Causes of severe pneumonia in LT are changing, with predominant role of P aeruginosa and respiratory viruses. PCT ≤ 0.5 μg/L within 24 hours helps to exclude bacterial pneumonia diagnosis in LT adults requiring ICU-A. A negative PCT test allows antimicrobial de-escalation and requires an alternative diagnostic to bacterial pneumonia.
本研究旨在确定致病病原体,并评估在重症监护病房(ICU)入科(ICU-A)后 24 小时内降钙素原(PCT)与成人肺移植(LT)患者细菌性肺炎的相关性。
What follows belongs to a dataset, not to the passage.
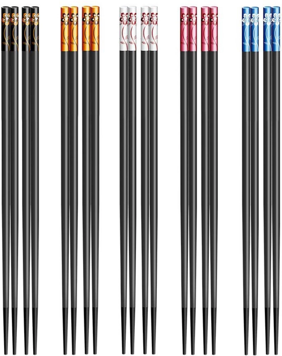 Les baguettes sont fabriquées en bois de haute qualité et recouvertes d’un revêtement noir. Les baguettes sont joliment finies avec 4 couleurs différentes pour que les baguettes restent bien ensemble. La partie colorée des baguettes est finie avec des pierres brillantes, ce qui rend les baguettes luxueuses.

这是一项前瞻性队列研究的二次分析。研究纳入了 5 年内因急性呼吸衰竭(ARF)入住 ICU 的所有 LT 成人患者。患者的随访时间直至出院或死亡。
共纳入了 58 例连续的 LT 患者。导致 ICU-A 发生 ARF 的最重要原因是肺炎 29 例(50%),其次是急性排斥反应 3 例(5.2%)和闭塞性细支气管炎综合征恶化 3 例(5.2%)。29 例肺炎中有 22 例(75.9%)分离出微生物:17 例(77.2%)为细菌性,4 例(18.2%)为病毒性,1 例(4.5%)为烟曲霉,最常见的肺炎病原体为铜绿假单胞菌(45.5%),10 例患者存在铜绿假单胞菌慢性定植。入科后 24 小时内 PCT 中位数[四分位距(IQR)]在肺炎患者中更高(1.5 µg/L;IQR:0.3-22.0),而非肺炎患者中更低(0.2 µg/L;IQR:0.1-0.7)(P =.019),24 小时内 PCT 水平有助于鉴别细菌性肺炎(8.2 µg/L;IQR:0.2-43.0)、病毒性肺炎和非肺炎病例(0.2 µg/L;IQR:0.1-0.7)。细菌性肺炎的总体阴性预测值为 85.1%,LT 后 6 个月时增加至 91.6%。
LT 患者严重肺炎的病因正在发生变化,以铜绿假单胞菌和呼吸道病毒为主。LT 成人 ICU-A 患者入科后 24 小时内 PCT≤0.5 µg/L 有助于排除细菌性肺炎诊断。PCT 检测阴性可降低抗菌药物级别并需要进行替代诊断以排除细菌性肺炎。